D grew up playing in a pentecostalist church in Virginia and went to New York City in search of a record deal as a teenager as part of a trio. The label said, we only want him. His debut album, Brown Sugar, put everyone on notice: there was a new soul giant in town. His single of the same name, a cheeky back-and-forth about his love of marijuana, was among the top songs of that summer in 1995. But some felt it was a project left unfinished, as if the songs were more like sketches. Five years later, D erased all of that with his second album, Voodoo. It was a towering achievement that made it clear that he was not only a disciple of soul legends, he was their peer as well.
But Voodoo led to a problem.
The song “Untitled (How Does It Feel)” was D’Angelo’s masterwork: a swirling groove of erotic funk so hot you could get pregnant just by hearing it. His manager, Dominick Trenier, envisioned a video where D was alone on a stage with the camera giving us closeups of his incredible body — from his cornrows to just below his belly button. It would be simple, and sexual, and powerful. This would be the culmination of years of work on his body. When D dropped Brown Sugar he was overweight. In the five years after, as he worked on Voodooo, he changed his diet and trained obsessively. When it was time to shoot the “Untitled” video, D looked as fit as a human could possibly be. But he didn’t want to do the video. His limo pulled up outside the shoot, and he refused to get out. He was nervous. Trenier came out and sat with him until finally he felt ready.
They went in and created one of the most iconic videos of all time. The video hit the culture like a neutron bomb and titillated everyone. Was this the best-looking man alive? Maybe. The visual alone gave D’Angelo an even bigger profile. But here comes the rub: after “Untitled,” people began to see the singer differently. At his shows, fans screamed for him to take his shirt off. That was acceptable, but he wanted to be seen as a musician.
D had studied music like a graduate student and then spent five years working on Voodoo. He wanted it all to be about songs — to convey that he was a great musician — but they were screaming so loud for his abs that you couldn’t hear the music. He felt like he’d been demoted from genius to sex symbol. He rebelled by disappearing. We spent years missing him. His third and final album, Black Messiah, came out in 2014, more than a decade later.

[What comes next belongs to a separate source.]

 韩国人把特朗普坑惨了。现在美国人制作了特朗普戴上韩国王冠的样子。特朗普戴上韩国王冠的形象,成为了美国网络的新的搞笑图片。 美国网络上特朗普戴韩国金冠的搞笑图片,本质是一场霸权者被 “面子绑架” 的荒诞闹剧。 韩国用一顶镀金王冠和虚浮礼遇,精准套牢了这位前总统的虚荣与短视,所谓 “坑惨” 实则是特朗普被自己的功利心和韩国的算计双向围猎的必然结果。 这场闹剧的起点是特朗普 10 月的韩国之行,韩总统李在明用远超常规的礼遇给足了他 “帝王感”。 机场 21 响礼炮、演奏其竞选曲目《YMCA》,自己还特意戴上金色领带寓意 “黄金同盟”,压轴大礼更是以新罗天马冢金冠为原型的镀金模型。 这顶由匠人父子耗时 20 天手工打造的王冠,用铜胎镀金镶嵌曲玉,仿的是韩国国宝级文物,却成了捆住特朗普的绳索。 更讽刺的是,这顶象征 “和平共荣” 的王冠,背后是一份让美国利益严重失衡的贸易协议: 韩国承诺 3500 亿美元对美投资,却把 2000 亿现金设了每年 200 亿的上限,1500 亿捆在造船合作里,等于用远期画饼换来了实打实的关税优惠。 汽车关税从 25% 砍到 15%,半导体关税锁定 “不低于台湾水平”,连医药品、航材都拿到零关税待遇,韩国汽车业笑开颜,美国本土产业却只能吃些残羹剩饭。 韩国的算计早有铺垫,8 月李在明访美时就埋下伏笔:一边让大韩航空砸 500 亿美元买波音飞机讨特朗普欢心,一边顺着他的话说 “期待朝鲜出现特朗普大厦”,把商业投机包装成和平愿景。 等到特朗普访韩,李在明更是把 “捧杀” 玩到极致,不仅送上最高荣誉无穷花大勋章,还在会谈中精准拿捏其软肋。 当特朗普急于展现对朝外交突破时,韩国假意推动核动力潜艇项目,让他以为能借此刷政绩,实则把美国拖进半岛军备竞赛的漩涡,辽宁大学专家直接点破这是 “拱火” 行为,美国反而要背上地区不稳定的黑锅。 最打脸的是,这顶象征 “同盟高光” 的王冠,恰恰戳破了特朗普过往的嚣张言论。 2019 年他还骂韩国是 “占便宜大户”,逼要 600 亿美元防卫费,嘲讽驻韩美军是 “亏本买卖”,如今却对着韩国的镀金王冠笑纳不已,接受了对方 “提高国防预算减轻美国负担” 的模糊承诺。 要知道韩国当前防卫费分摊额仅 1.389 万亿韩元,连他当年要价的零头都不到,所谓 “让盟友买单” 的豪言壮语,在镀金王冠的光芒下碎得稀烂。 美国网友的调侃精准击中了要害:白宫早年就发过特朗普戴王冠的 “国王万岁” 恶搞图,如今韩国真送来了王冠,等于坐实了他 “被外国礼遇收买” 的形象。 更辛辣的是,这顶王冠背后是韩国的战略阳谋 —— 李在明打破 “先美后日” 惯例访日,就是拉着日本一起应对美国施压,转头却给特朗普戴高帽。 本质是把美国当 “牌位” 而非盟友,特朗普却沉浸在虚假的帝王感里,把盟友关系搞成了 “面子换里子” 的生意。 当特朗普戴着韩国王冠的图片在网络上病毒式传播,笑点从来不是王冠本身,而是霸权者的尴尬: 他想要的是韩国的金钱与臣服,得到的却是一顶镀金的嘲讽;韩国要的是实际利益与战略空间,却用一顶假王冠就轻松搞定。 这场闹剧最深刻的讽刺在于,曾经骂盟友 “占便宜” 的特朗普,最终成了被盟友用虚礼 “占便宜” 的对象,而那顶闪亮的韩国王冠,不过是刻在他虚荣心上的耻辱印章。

Voodoo remains a towering achievement. It will be remembered as a powerful source of inspiration for so many, proving he may have persevered in the war he took on so bravely. D’Angelo reminded people that you can be successful by listening to your muse, ignoring industry trends, and giving the people innovative music.
Now, D’Angelo is gone, and when I hear his progeny — artists like Frank Ocean, HER, and SZA — it’s like watching beautiful flowers bloom from the musical seeds he planted. All of which is to say, in the long game, he won.